Tuesday, April 17, 2018

Choosing the Right Compression

Choosing the right database table compression matters.  It affects the size of the objects and also the performance of your application.  Compression makes objects smaller, and for many systems, this is an objective in itself, but it also affects performance.  As compressed objects are smaller, less physical I/O is required to access them.  However, that saving is paid for in CPU.  More CPU is required to compress the data when it is written, and then again (albeit usually less CPU) to decompress it when you read it.  The question is whether the saving in I/O pays for the additional CPU.

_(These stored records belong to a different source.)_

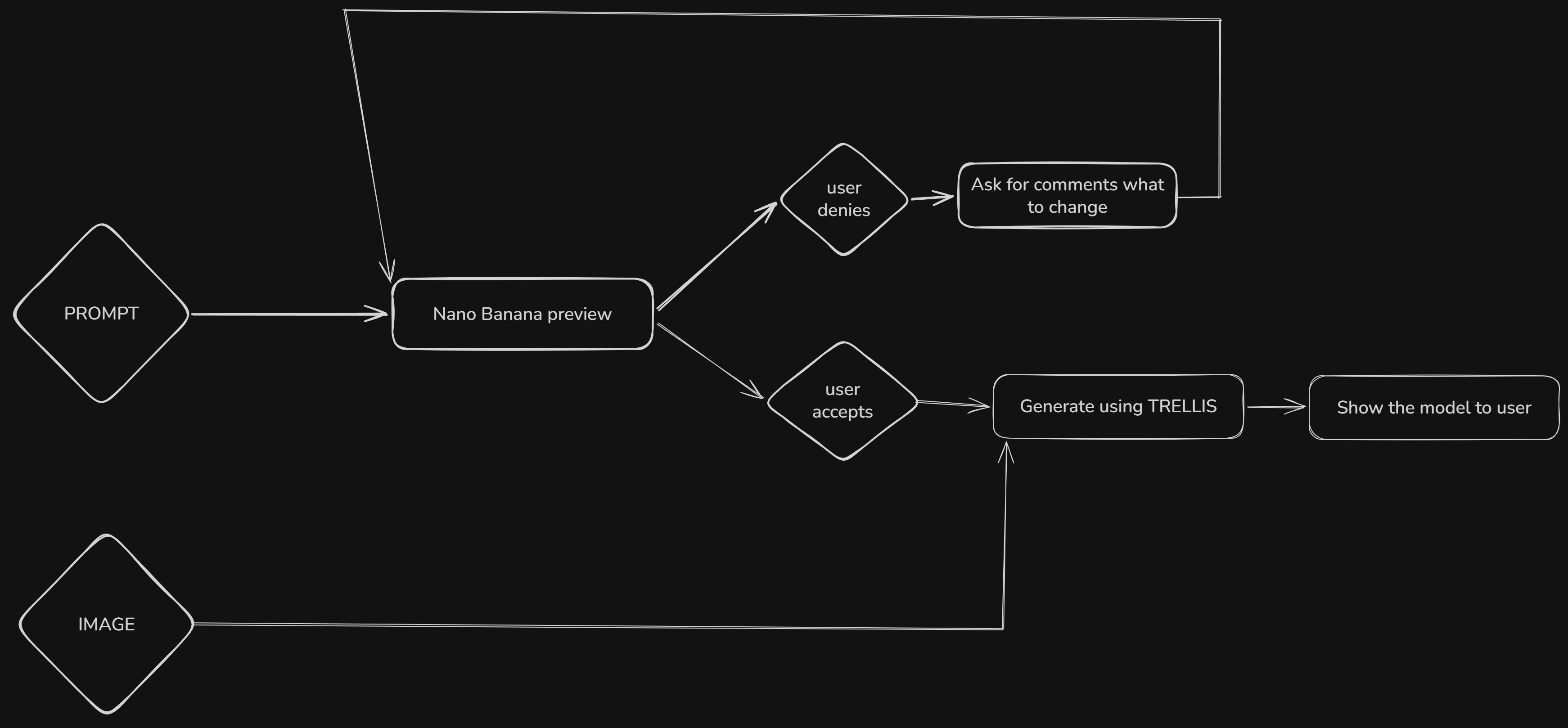 This is simple web app that allows you to generate 3D models from text prompt or image. It uses Google Nano Banana pro to generate the base image that you need to approve or deny and then creates this 3D model using the microsoft/TRELLIS model (hosted on fal.ai)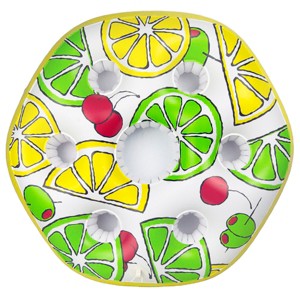 Enjoy your drinks poolside with this inflatable floating drink holder featuring a fun lemon and lime design. The sturdy center tray is surrounded by six beverage holders, keeping your drinks close and secure. Perfect for lounging in the water, it proudly reads "Refreshment Float" and is constructed from durable 10-gauge vinyl for long-lasting use. Ideal for pool parties, beach days, and more!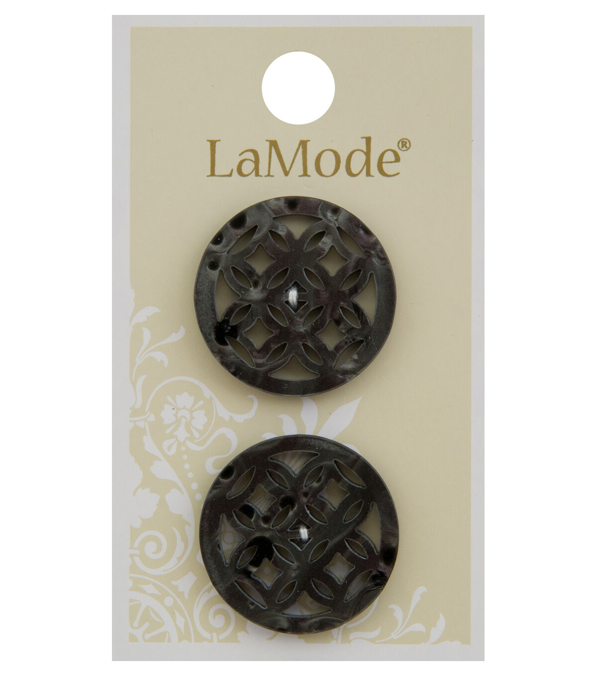 Blending beauty and functionality, the La Mode 2 Hole Buttons - Pearlized Black will make a great addition to your sewing kit. These buttons display a beautiful cutout design and will make your handmade creations stand out. You can add them to a DIY sweater, dress, top and more. This pack contains two buttons.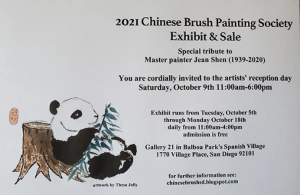 Members of the Chinese Brush Painting Society (CBPS) of San Diego are extremely excited to exhibit their original artworks at this year's show. The paintings are created using practiced brush strokes and traditional tools of this ancient art form (rice paper, ink, colors, and animal hair brushes). The paintings depict both traditional and contemporary subjects. Various brush painting styles (detailed and spontaneous) will be on exhibit - highlighting the diversity and breadth of techniques used by modern brush artists. Our artists range from students to accomplished painters and calligraphers, many who have studied with masters in China. All artwork will be for sale, including unframed matted paintings, cards, and other small gifts. We look forward to seeing you at this year's show!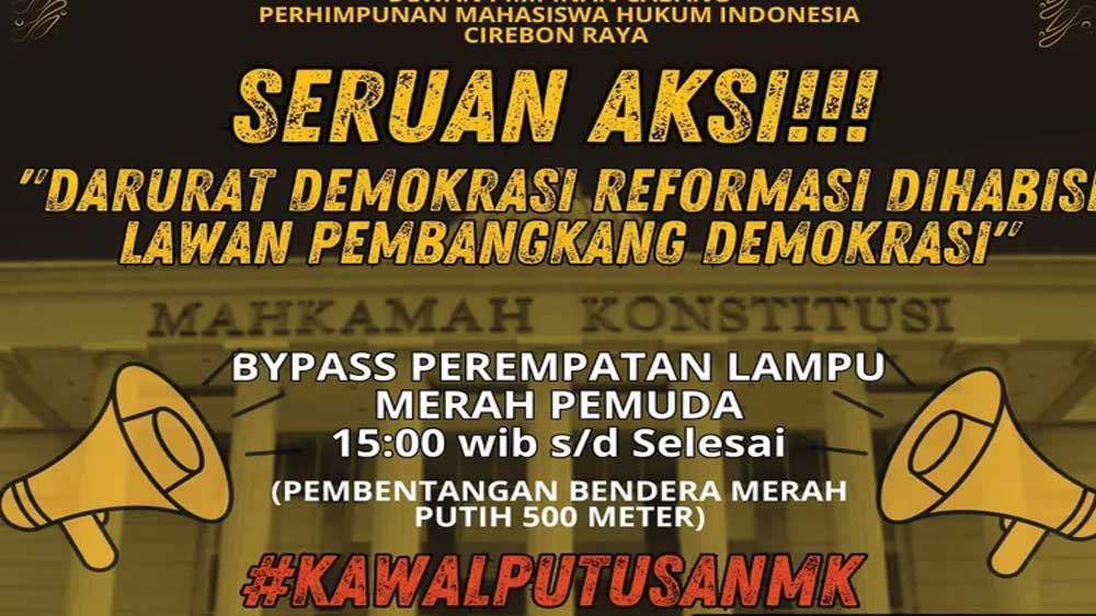 Seruan demonstrasi dismapaikan DPC Perhimpunan Mahasiswa Hukum Indonesia Cirebon Raya. Aksi akan digelar Kamis siang ini, 22 Agustus 2024.

There are a number of forms of compression to choose between.  They have different characteristics.  The resulting objects are different sizes, and they require different amounts of CPU to compress and decompress.
  • Basic Compression:  This is not really compression, but a form of block-level de-duplication.  It has been available since Oracle 9i.  It is available on all platforms.
  • Hybrid Columnar Compression is only available on Engineered Systems, FS Flash Storage System and ZFS Storage Appliance (ZFSSA).  4 different levels of compression that use 3 different compression algorithms.  HCC is frequently positioned as being highly effective at reducing the size of data warehouses, but it also has implications for performance.
    • Query Low: LZO algorithm
    • Query High: ZLIB algorithm
    • Archive Low: ZLIB algorithm higher level with a larger block size.
    • Archive High: BZIP2 algorithm.  The higher compression ratio comes at the expense of significantly increased CPU overhead on decompression.
Further Reading:
Which one is right for your application?  It depends.  Ultimately, you need to test it for yourself.  In this blog, I am going to relate my experience of one particular system, including how I tested it.  Our objective was optimising performance, rather than reducing database size.

My Test System

  • SuperCluster M7 (i.e. an Engineered System), Oracle 12.1.0.2, 2-node RAC, running PeopleSoft Financials 9.2.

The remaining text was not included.